Giliran Shisui yang kini terkekeh.

"Benarkah?"

Itachi balas menatap Shisui.

"Benar Shisui, masih banyak hal dan urusan yang harus aku selesaikan. Lagipula memikirkan permasalahan cinta masih terlalu jauh untukku"

Shisui menahan senyumnya. "Kau tahu Itachi kehidupan didunia ini tidak selamanya hanya bersama dengan keluarga, Ayah, Ibu dan Saudara"

Itachi menarik senyum.

"Ya aku tahu Shisui, aku berkata demikian bukan berarti aku tidak memiliki keinginan untuk membangun sebuah keluarga."

Itachi menatap kedepan.

"Suatu saat nanti aku pasti akan membangum sebuah keluarga, tapi bukan sekarang"

Shisui menatap Itachi.

"Jika pendamping hidupmu diutus untuk datang sekarang dan dia berada tepat didepan matamu, kau tidak akan pernah bisa menolaknya Itachi"

Itachi berdeham.

"Benar sekali, siapa yang tahu jika perkataanmu benar-benar terjadi."

"Tapi aku akan membuka pintu hatiku untuknya, jika kau yang duluan menikah Shisui"

Shisui terbahak.

"Hahaha!

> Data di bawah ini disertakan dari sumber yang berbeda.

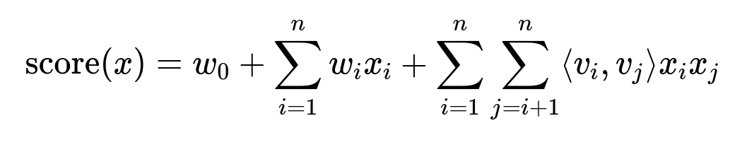 Here, x represents the feature vector of associate and content. w0 is the global bias term. w_i are the weights for each feature. v_i and v_j are latent factor vectors of dimension d. The last term is the pairwise interaction between features i and j. This factorization machine is integrated as the wide component to memorize patterns such as recurring seasonal behaviors. The deep component uses dense embeddings of the same input features to discover new patterns that were absent or sparse in historical data.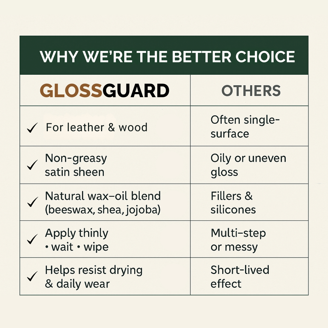Quick routine that restores the look and feel of leather & wood.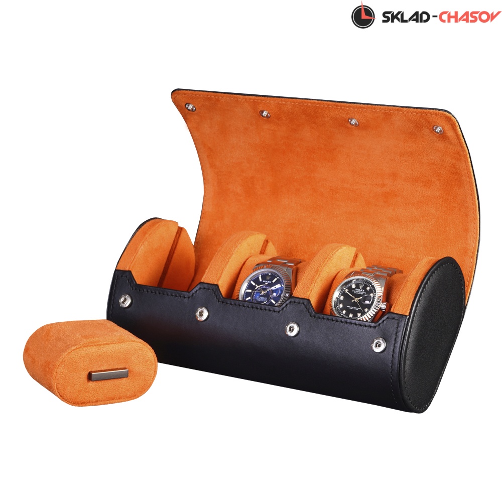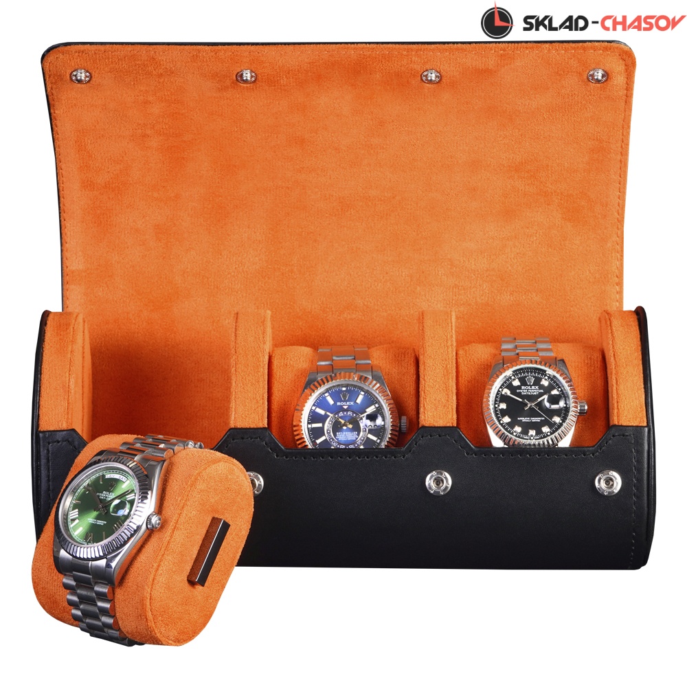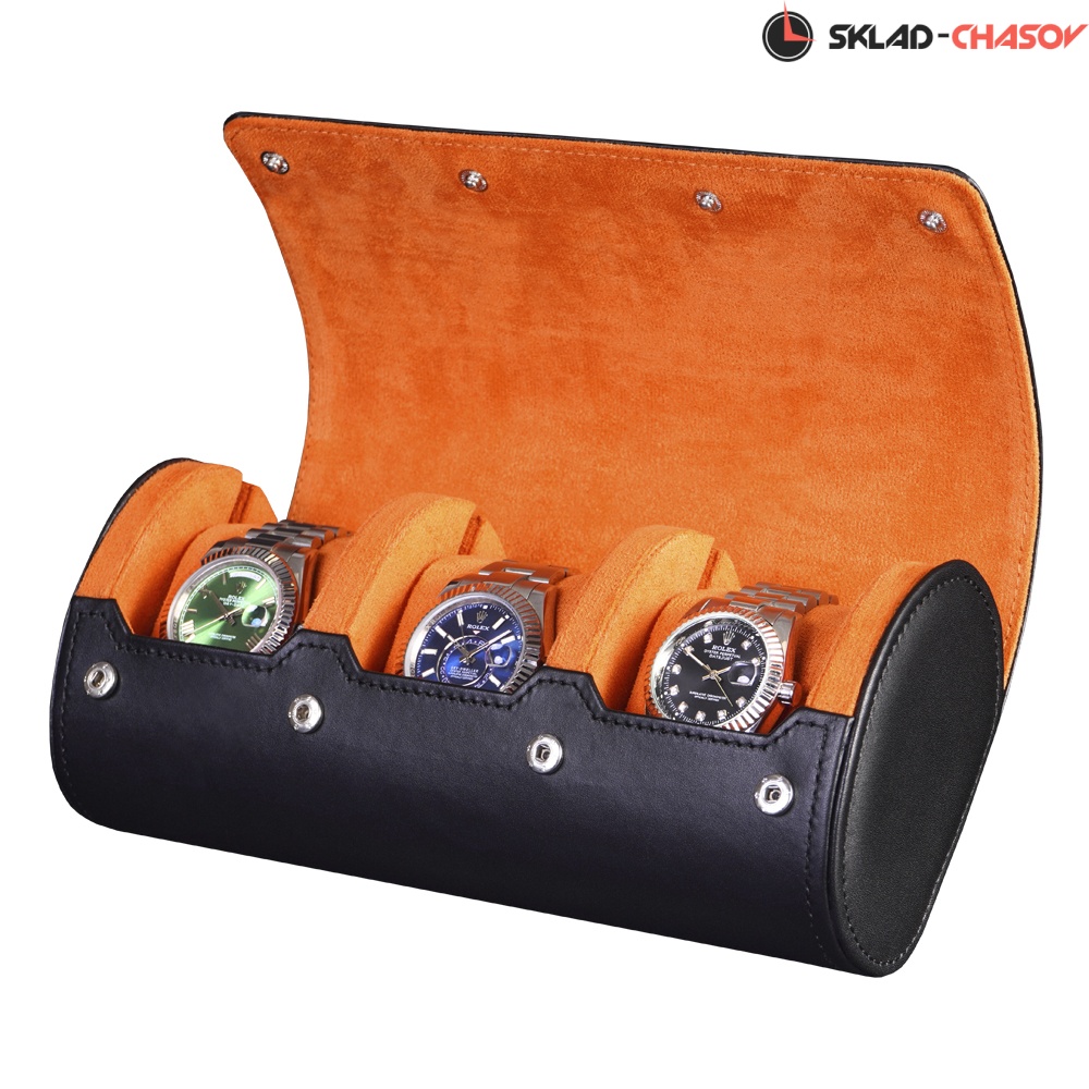 Футляр рассчитан на 3 модели часов, каждая из которых размещается на съёмной подушечке, подходящей для любых размеров браслетов. Жёсткий каркас и прочные кнопки-клепки гарантируют надёжную фиксацию крышки и защиту содержимого от ударов и тряски.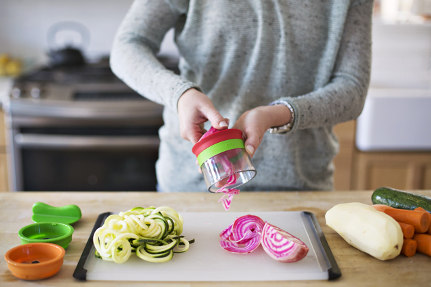 Spiralizér Good Grips (Oxo), tři typy různě dlouhých a širokých zeleninových nebo ovocných proužků, cena 749 Kč, www.pottenpannen.cz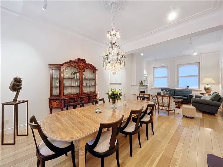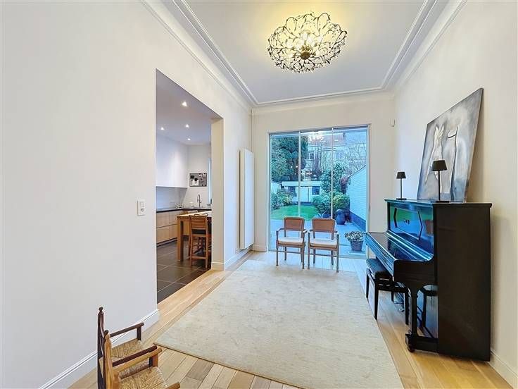 Située non loin de Montgomery et à proximité du Collège Saint-Michel, dans une rue calme et verdoyante, magnifique maison de maître de ± 415m² bruts (comprenant cave et grenier) entièrement rénovée avec un grand jardin. Composition : RDC : vaste hall d’entrée en marbre, spacieux et lumineux séjour et salle à manger de ± 60m² en parquet massif et cheminée, cuisine semi-ouverte et super-équipée, vestiaire, wc séparé. 1ER : hall de nuit, spacieuse suite parentale de ± 36m² avec dressing et salle de bains attenante, grande chambre de ± 19m², salle de douche, wc séparé. 2E : hall de nuit, 3 grandes chambres de ± 16, 15 et 10m² dont une donnant accès à une superbe terrasse de ± 25m². Grenier aménagé. SOUS-SOL : grandes caves, chaufferie et espace technique. Détail : maison de maître de 1929 entièrement rénovée avec gout et matériaux de qualités, parquet massif, PEB D, électricité conforme, panneaux photovoltaïques, porte blindée électrique, système d’alarme, adoucisseur d'eau, citerne d'eau de pluie. Possibilité de louer un garage à proximité immédiate. Idéalement situé à proximité de toutes commodités : nombreux commerces, restaurants, parcs, écoles,... Transports en commun : stations Pétillon et Thieffry, tram 7, 25, 39 et 44. Annonce et indications non contractuelles, sous réserve de modifications – Info : est@macnash.com - Tel : 02 779 99 99 - ID 272307

Ya doakan saja semoga sahabatmu ini segera bertemu dengan wanita cantik dan baik hati"

"Agar aku bisa secepatnya melihat seorang Uchiha Itachi menikah"

Itachi tertawa geli. Mendengar kata menikah membuat darah yang mengalir ditubuhnya serasa berhenti.

"Ya tentu Shisui Nii, semoga kau mendapatkan kekasih yang sesuai dengan keinginanmu"

Shisui terkekeh.

"Sepertinya Yamanaka Ino masuk dalam kriteria wanita idamanmu" Itachi menyambung kalimatnya.

Shisui kembali tertawa.

"Ya semoga Yamanaka Ino adalah gadis yang diturunkan dewa untuk menjadi pendamping hidupmu" Ujar Itachi lagi.

"Tampaknya seorang Uchiha Itachi memang belum memiliki niat untuk menjalin hubungan cinta ya" Sahut Shisui.

Itachi tertawa ringan.

"Aku sangat konsisten dengan pendirianku Shisui, jadi apapun masalah yang berkaitan dengan perihal cinta aku sama sekali tidak tertarik"

Keduanya saling melemparkan tertawaan ringan.

"Sebaiknya kita singgah ke lokasi peninggalan Uchiha dulu Itachi"

Itachi mengangguk.

"Hai"

"Baik Ayo"

Kini keduanya berlari menelusuri hutan lebat dengan pergerakan yang sama cepat.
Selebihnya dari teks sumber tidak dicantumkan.